WHAT THE EXERCISE ASKS: Nothing but the lines from the one containing "Mu;nUm der „Artemis" through the end of the data below should appear in the answer, each exact and free of pictures.

PROVIDED RECORDS:
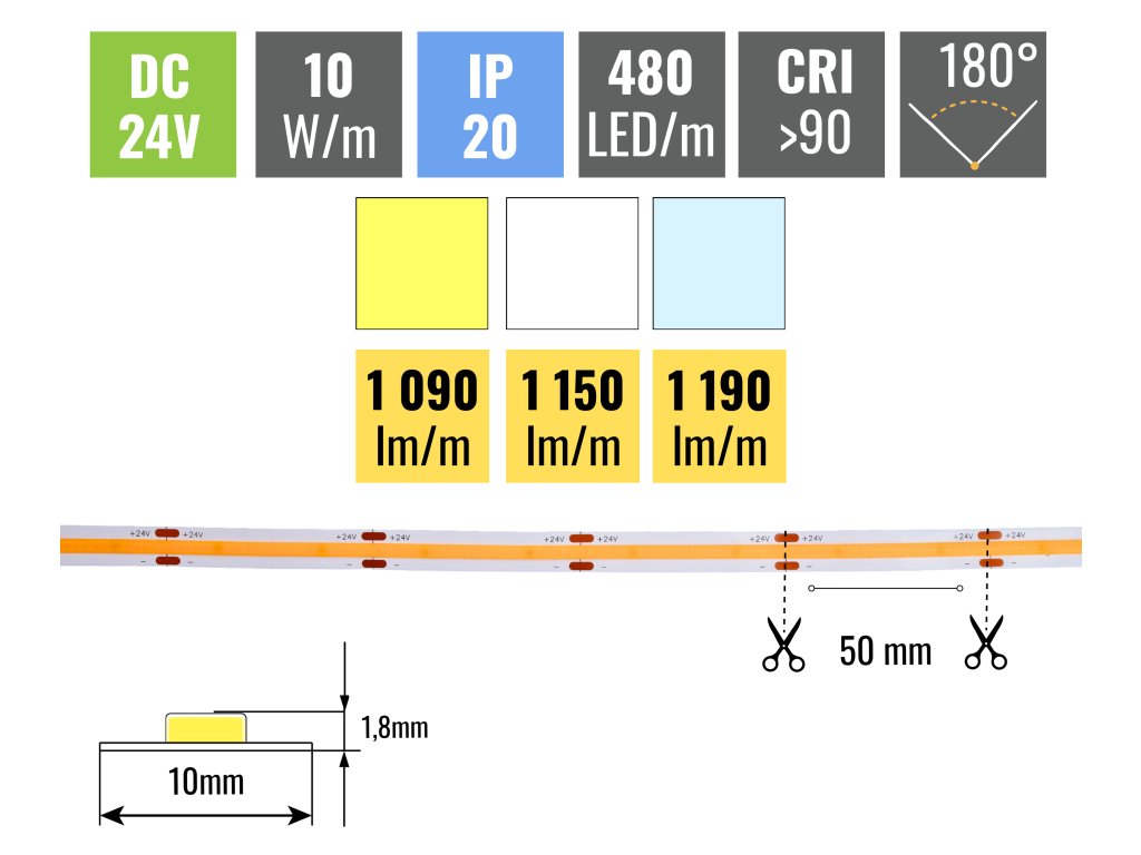 A 10W/m teljesítményből a szalag akár 1190lm/m-t is termel. A LED-ek sűrűsége 480db/m, így a szalag teljes hosszában egyenletesen világít. Ezt a szalagot be kell ragasztani alumínium sínek a LED-ek hőleadása miatt. Minden a szalagok 3M 300LSE öntapadó fóliával vannak ellátva, amely tökéletesen tapad az aljzatra. Az alapnak simának kell lennie és a szalag felragasztása előtt alaposan zsírtalanítani kell.
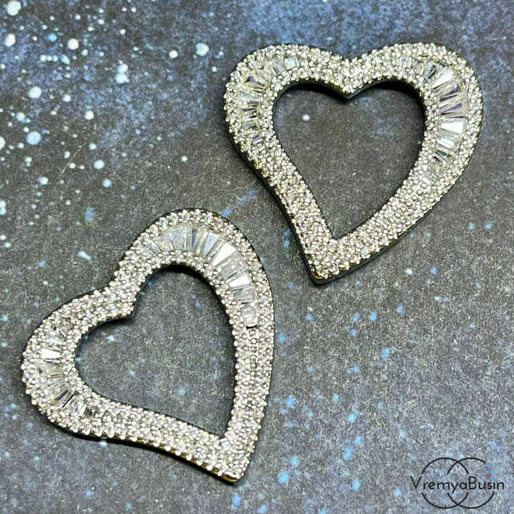 Подвеска "Сердце", 28 мм, из латуни с родиевым покрытием и фианитами (1 шт.)
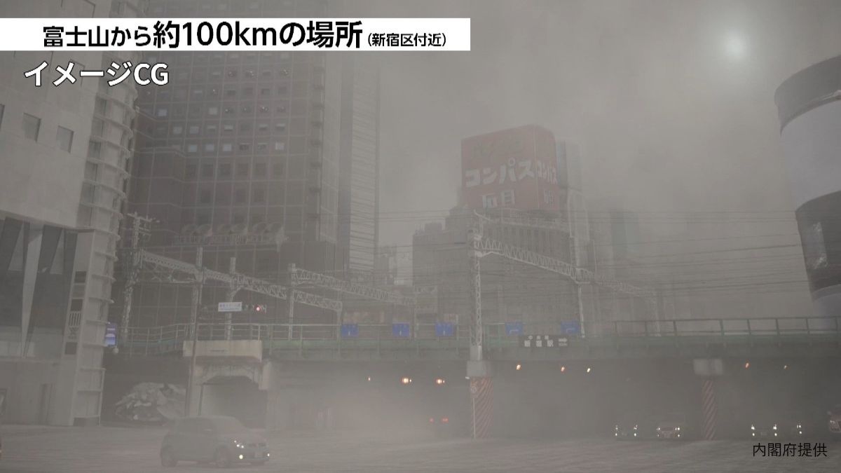 “富士山噴火”から2日後に東京・新宿も火山灰5cm以上…被害想定CG映像を初公開 内閣府「普段から食料品など備蓄を」
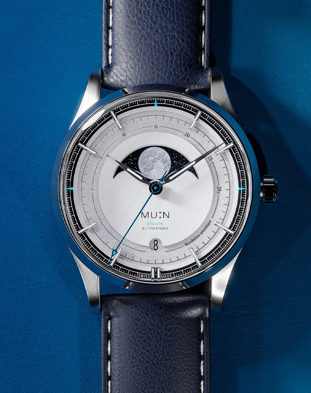 Mu;nUm der „Artemis II Space Mission“, deren Ziel es ist, bis 2027 vier Astronauten zum Mond zu senden, Tribut zu zollen, stellt Mu;n ihr neuestes Modell vor. Die „Orion Series Moon Phase“ wird gänzlich in der Schweiz gefertigt und begeistert durch ihre äußerst realistische und leuchtende Mondphasen-Komplikation. Diese detailgetreue Abbildung des Sterns konnte dank spezieller Fertigungstechniken in der Realität umgesetzt werden und lässt sogar einzelne Krater auf der Mondoberfläche erkennbar werden. Das Zifferblatt besteht dabei aus drei Teilen, die sich zu zwei Ebenen verbinden und verschiedene Strukturen aufweisen, wodurch interessante Kontraste entstehen. Innerhalb des 38 Millimeter großen, polierten sowie satinierten Edelstahlgehäuses arbeitet das SW 288-1a Automatikkaliber von Sellita. Ab September dieses Jahres soll die Neuvorstellung auf Kickstarter im Vorverkauf für unter 1.000 Euro erhältlich sein. Der reguläre Listenpreis des am Leder- oder Edelstahlband getragenen Modells wird bei etwa 1.350 Euro liegen.
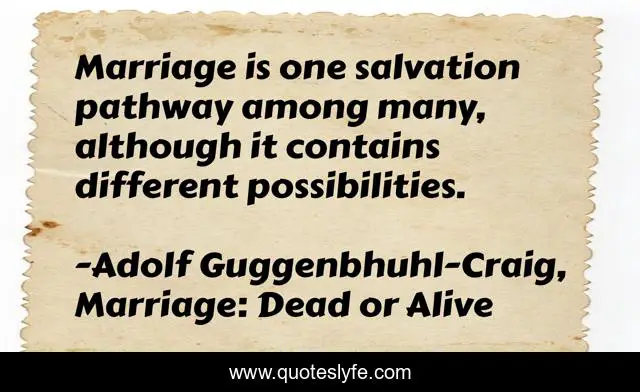 "Adolf Guggenbhuhl-Craig, Marriage: Dead or Alive Quotes." Quoteslyfe.com, 2025. Mon. 08 Dec. 2025. <https://www.quoteslyfe.com/quote/Marriage-is-one-salvation-pathway-among-many-225562>.
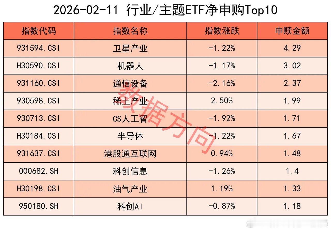 卫星产业指数(4.29亿)、机器人指数(3.02亿)、通信设备指数(2.37亿)、CS人工智指数(1.71亿)、半导体指数(1.67亿)、港股通icon互联网指数(1.48亿)、科创信息指数(1.4亿)、科创AI指数(1.18亿),科技方向普跌为主,集体进入申购icon榜。
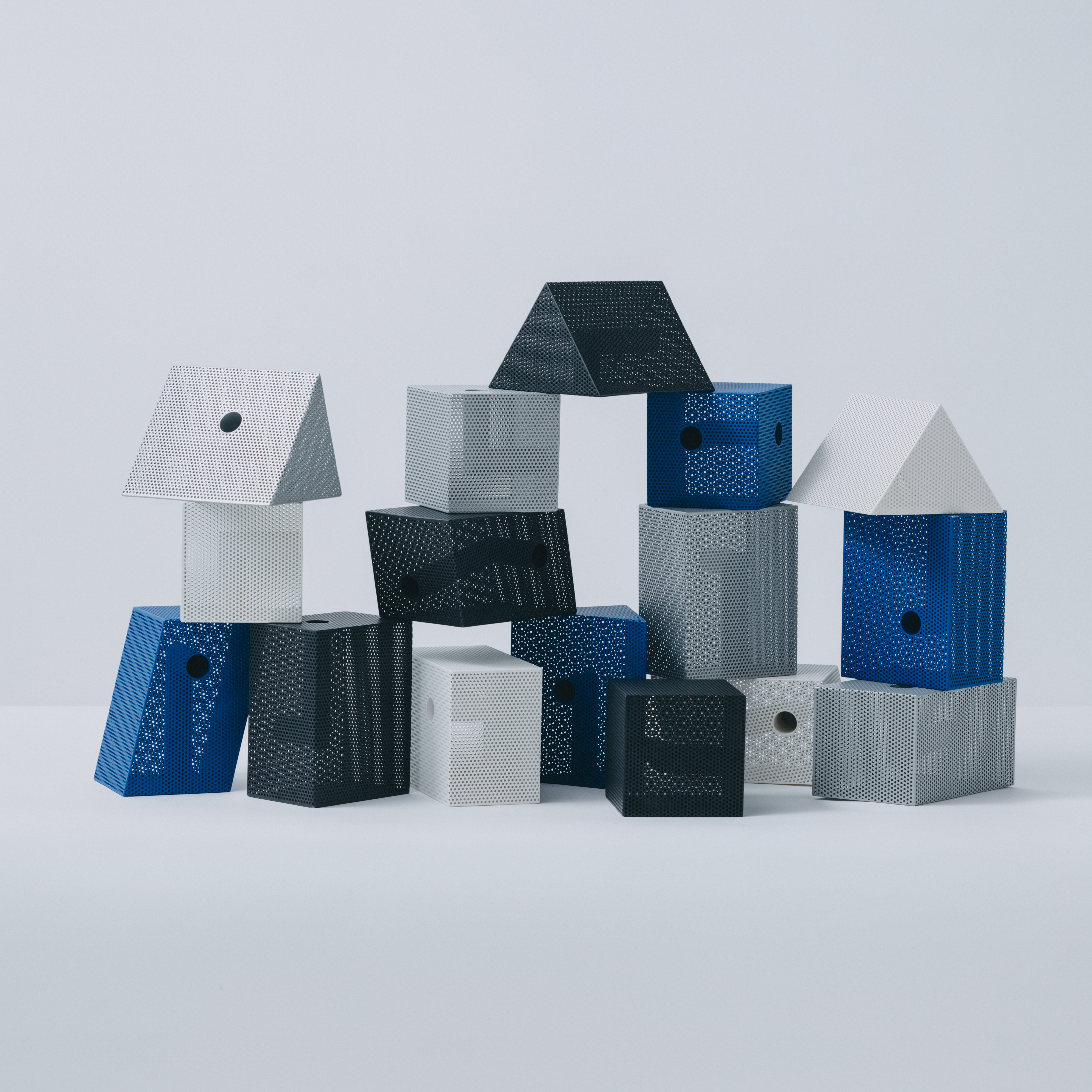 Punching Blockがつくるのは、機能そのものというより、置かれることによって生まれる見え方です。向きや位置、周囲との距離が変わることで、閉じた塊のように見えたり、内側に通った線がふと現れたりと、ひとつの立体の中に複数の印象が立ち上がります。
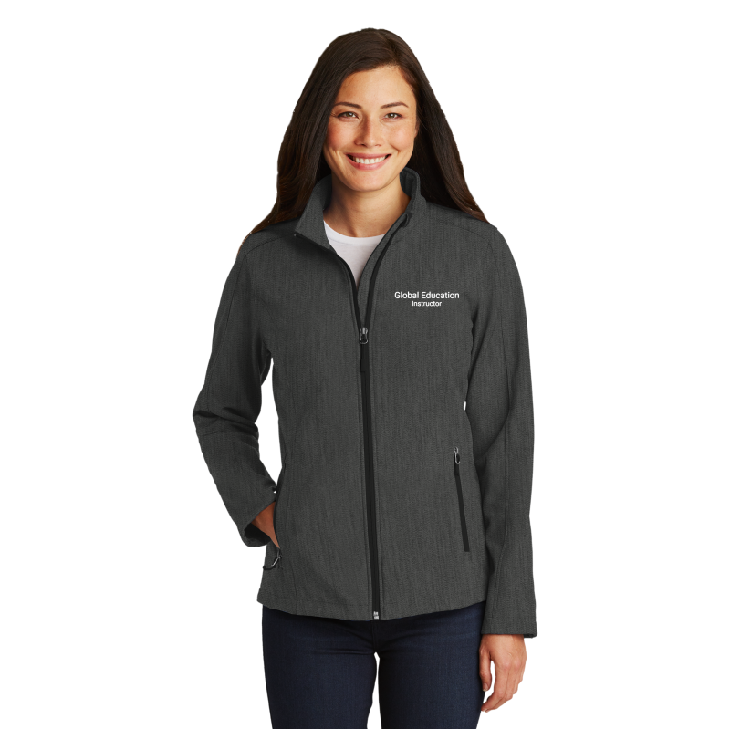 The Women's Port Authority Core Soft Shell Jacket is a versatile, value-packed outer layer designed for performance and style. Made with a 100% polyester woven shell bonded to a water-resistant film insert and lined with soft microfleece, this jacket keeps you comfortable while shedding wind and rain. With a 1000MM waterproof rating and 1000G/M breathability rating, it balances protection and ventilation. Features include a zip-through cadet collar with chin guard, reverse coil zippers, front zippered pockets, and open cuffs and hem.
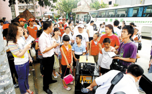 9歲的小姑娘咪咪一點(diǎn)也不示弱,她手頭拿著一份宣傳資料,站在座位上搶著回答問題。“灰霾天氣太多了會讓肺得病的!”小姑娘說得還有板有眼。這一下讓她成了大巴里的焦點(diǎn)。咪咪說,自己是一個(gè)環(huán)保“老兵”了,媽媽從6歲開始就教育自己不要浪費(fèi)水,要對垃圾進(jìn)行分類;在學(xué)校里,同學(xué)之間都進(jìn)行環(huán)保比較,看看誰更節(jié)約。咪咪自豪地告訴大巴車?yán)锏氖迨灏⒁、爺爺奶奶?ldquo;我是亞軍!”

TASK OUTPUT:
 Mu;nUm der „Artemis II Space Mission“, deren Ziel es ist, bis 2027 vier Astronauten zum Mond zu senden, Tribut zu zollen, stellt Mu;n ihr neuestes Modell vor. Die „Orion Series Moon Phase“ wird gänzlich in der Schweiz gefertigt und begeistert durch ihre äußerst realistische und leuchtende Mondphasen-Komplikation. Diese detailgetreue Abbildung des Sterns konnte dank spezieller Fertigungstechniken in der Realität umgesetzt werden und lässt sogar einzelne Krater auf der Mondoberfläche erkennbar werden. Das Zifferblatt besteht dabei aus drei Teilen, die sich zu zwei Ebenen verbinden und verschiedene Strukturen aufweisen, wodurch interessante Kontraste entstehen. Innerhalb des 38 Millimeter großen, polierten sowie satinierten Edelstahlgehäuses arbeitet das SW 288-1a Automatikkaliber von Sellita. Ab September dieses Jahres soll die Neuvorstellung auf Kickstarter im Vorverkauf für unter 1.000 Euro erhältlich sein. Der reguläre Listenpreis des am Leder- oder Edelstahlband getragenen Modells wird bei etwa 1.350 Euro liegen.
 "Adolf Guggenbhuhl-Craig, Marriage: Dead or Alive Quotes." Quoteslyfe.com, 2025. Mon. 08 Dec. 2025. <https://www.quoteslyfe.com/quote/Marriage-is-one-salvation-pathway-among-many-225562>.
 卫星产业指数(4.29亿)、机器人指数(3.02亿)、通信设备指数(2.37亿)、CS人工智指数(1.71亿)、半导体指数(1.67亿)、港股通icon互联网指数(1.48亿)、科创信息指数(1.4亿)、科创AI指数(1.18亿),科技方向普跌为主,集体进入申购icon榜。
 Punching Blockがつくるのは、機能そのものというより、置かれることによって生まれる見え方です。向きや位置、周囲との距離が変わることで、閉じた塊のように見えたり、内側に通った線がふと現れたりと、ひとつの立体の中に複数の印象が立ち上がります。
 The Women's Port Authority Core Soft Shell Jacket is a versatile, value-packed outer layer designed for performance and style. Made with a 100% polyester woven shell bonded to a water-resistant film insert and lined with soft microfleece, this jacket keeps you comfortable while shedding wind and rain. With a 1000MM waterproof rating and 1000G/M breathability rating, it balances protection and ventilation. Features include a zip-through cadet collar with chin guard, reverse coil zippers, front zippered pockets, and open cuffs and hem.
 9歲的小姑娘咪咪一點(diǎn)也不示弱,她手頭拿著一份宣傳資料,站在座位上搶著回答問題。“灰霾天氣太多了會讓肺得病的!”小姑娘說得還有板有眼。這一下讓她成了大巴里的焦點(diǎn)。咪咪說,自己是一個(gè)環(huán)保“老兵”了,媽媽從6歲開始就教育自己不要浪費(fèi)水,要對垃圾進(jìn)行分類;在學(xué)校里,同學(xué)之間都進(jìn)行環(huán)保比較,看看誰更節(jié)約。咪咪自豪地告訴大巴車?yán)锏氖迨灏⒁、爺爺奶奶?ldquo;我是亞軍!”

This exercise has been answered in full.